TASK BRIEF - Given these entries, repeat exactly the lines starting with the one that has "Coin: Sweden Gustaf" and going on through the one that has "ベッドガード ベッド用手すり 柵", both included, but none of the pictures.

SOURCE MATERIAL -
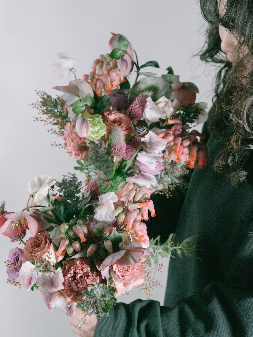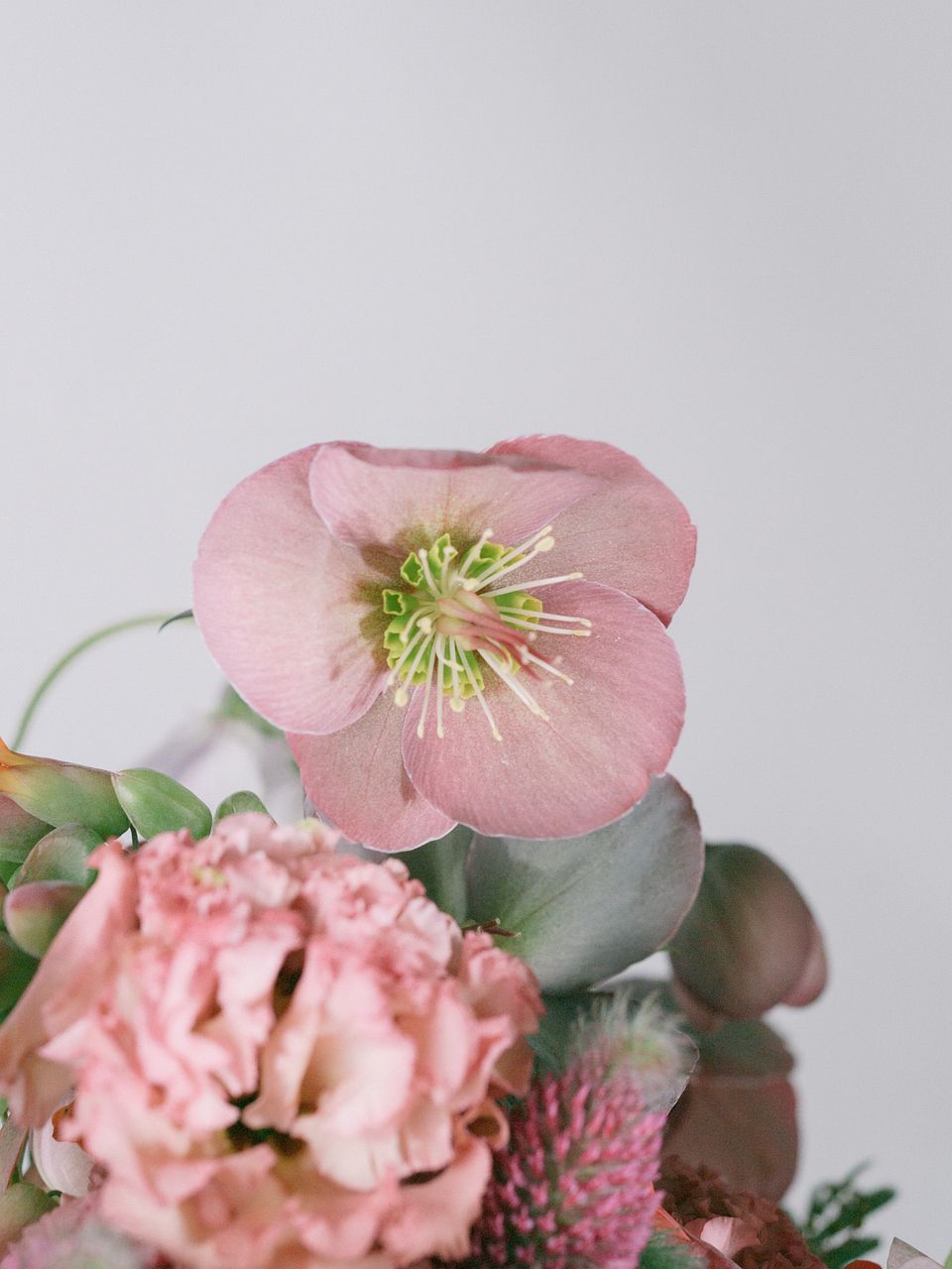 今回はやわらかな紫が美しい、季節のクリスマスローズをメインに束ねました。
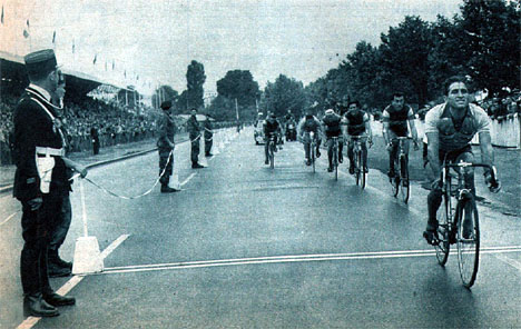 A Caen, toujours sur route mouillée, Tino Sabbadini (O.SO) s'impose de quelques longueurs devant Louison Bobet.
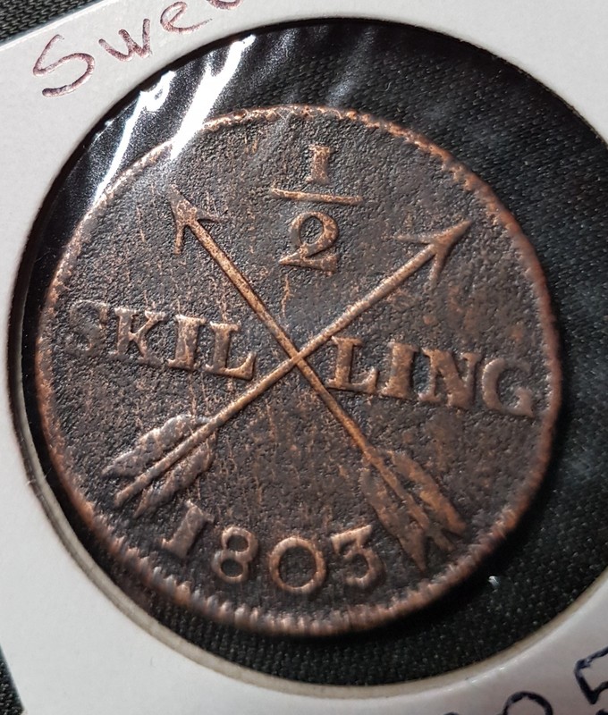 Coin: Sweden Gustaf Iv Adolf Copper 1803 1/2 Skilling Km#565
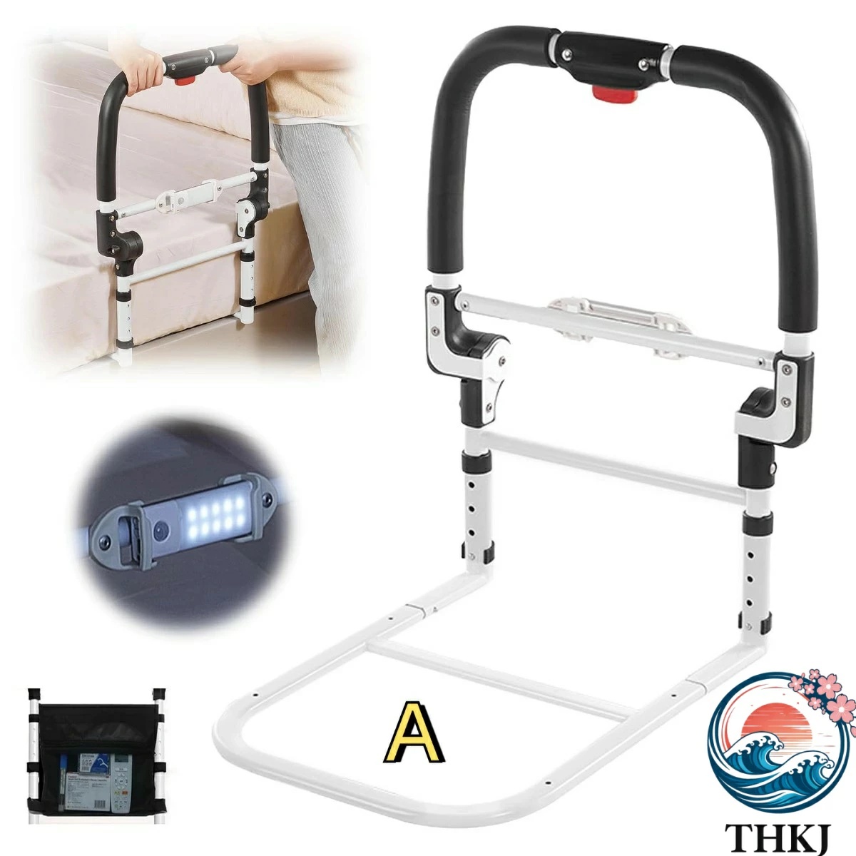 ベッドガード ベッド用手すり 柵 転落防止 夜間用ライト付 介護用サイドレール ベッドアーム 立ち上がり補助器具 折りたたみ式 多段階の高さ調整 ?????????? ベ
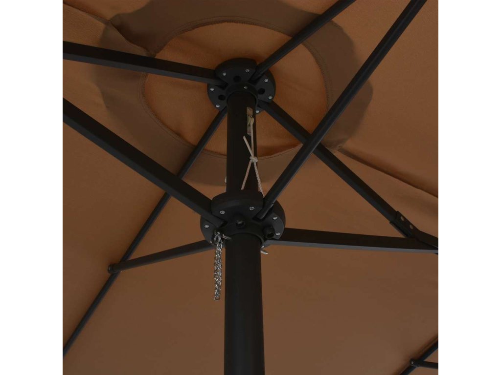 Stříška slunečníku je vyrobena z polyesterové tkaniny, která nepropouští škodlivé UV záření a nevybledne, a poskytne vám optimální ochranu před sluncem. Navíc se snadno čistí. Je vybaven pevnou křížovou základnou pro větší stabilitu. Exkluzivní konstrukce tohoto slunečníku vám nabízí mimořádně velkou plochu k blokování slunce. Silná hliníková tyč s 12 odolnými žebry zajišťuje, že se slunečník nehýbe a hodně toho vydrží. Zahradní slunečník disponuje klikovým mechanismem, což znamená, že se snadno otevírá i zavírá. Sestavení výrobku je jednoduché.
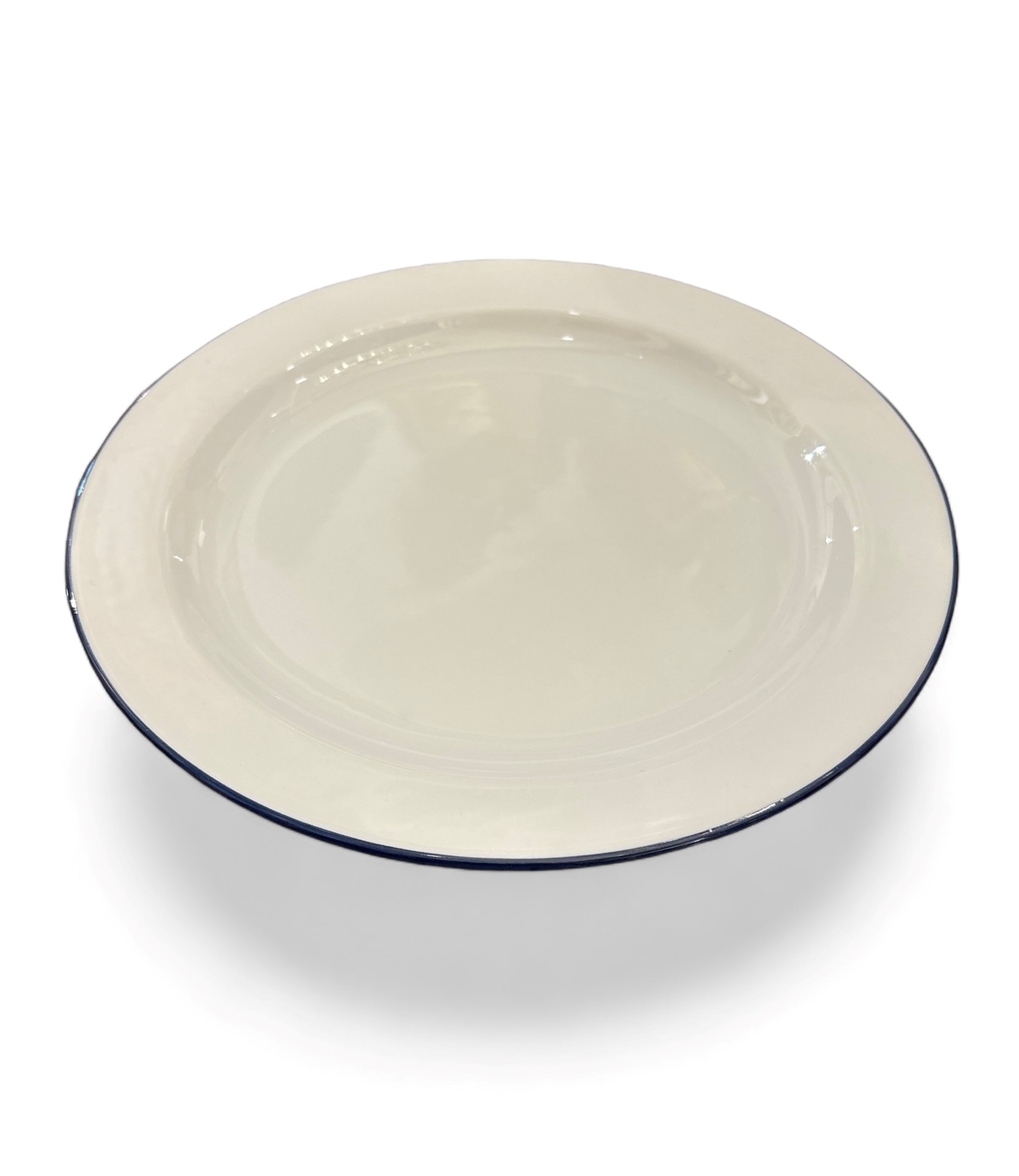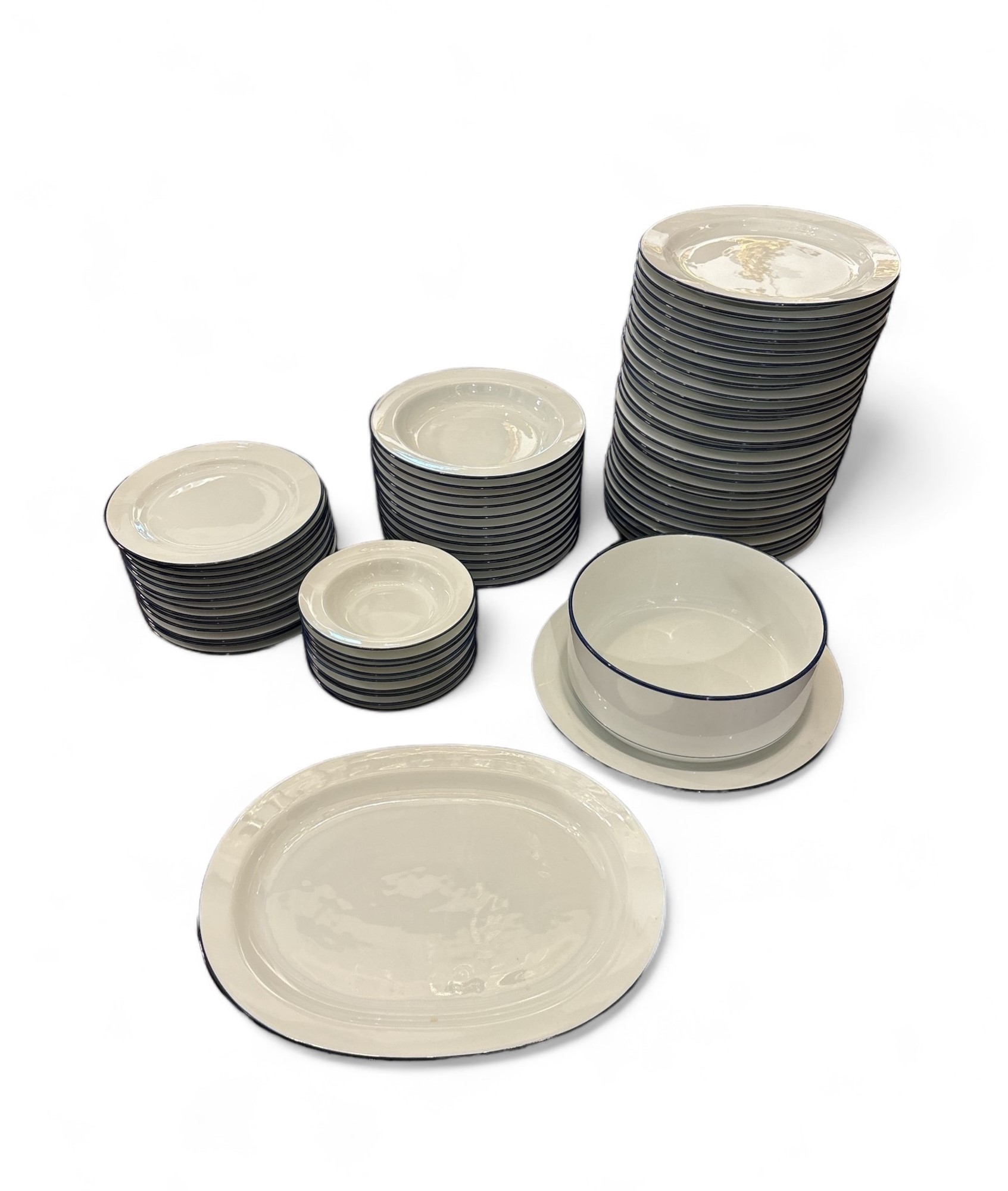 Bianco con bordo esterno blu. Composto da 27 piatti piani, 13 piatti fondi, 13 piatti da dessert, 9 coppette, 1 vassoio (larghezza 34,5 cm), 1 piatto da portata rotondo (diametro 28 cm), una grande ciotola ( diametro 21,5 cm). Un piatto piano sbeccato.
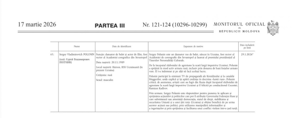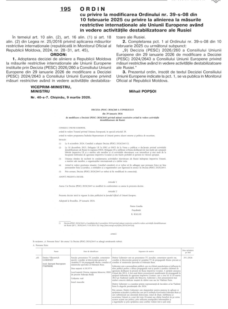 Решение о применении санкций подписал глава МИД Молдовы Михай Попшой. Документ опубликован в «Официальном мониторе» 17 марта 2026 года.
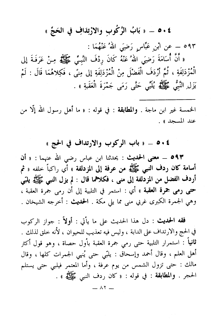 504 - " باب الركوب والارتداف في الحج "
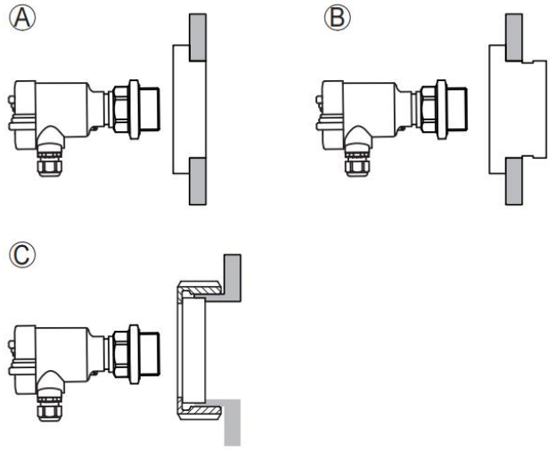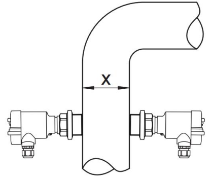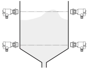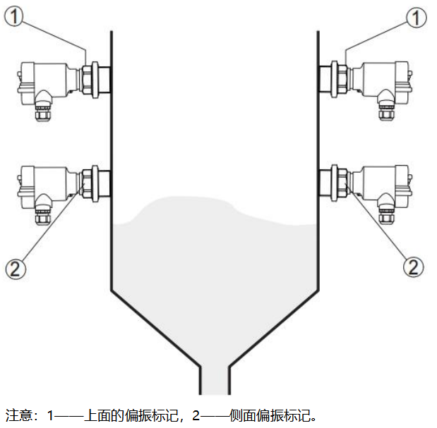 2.当寻找安装位置时,每个单元应尽量定位和安装在窗口的内部位置以使与容器的内壁齐平,并且能很大限度减少材料的堆积。系统能够穿透一定量的各种产品堆积,但是发送器/接收器的位置越佳,则操作越可靠。

ANSWER AREA -
 Coin: Sweden Gustaf Iv Adolf Copper 1803 1/2 Skilling Km#565
 ベッドガード ベッド用手すり 柵 転落防止 夜間用ライト付 介護用サイドレール ベッドアーム 立ち上がり補助器具 折りたたみ式 多段階の高さ調整 ?????????? ベ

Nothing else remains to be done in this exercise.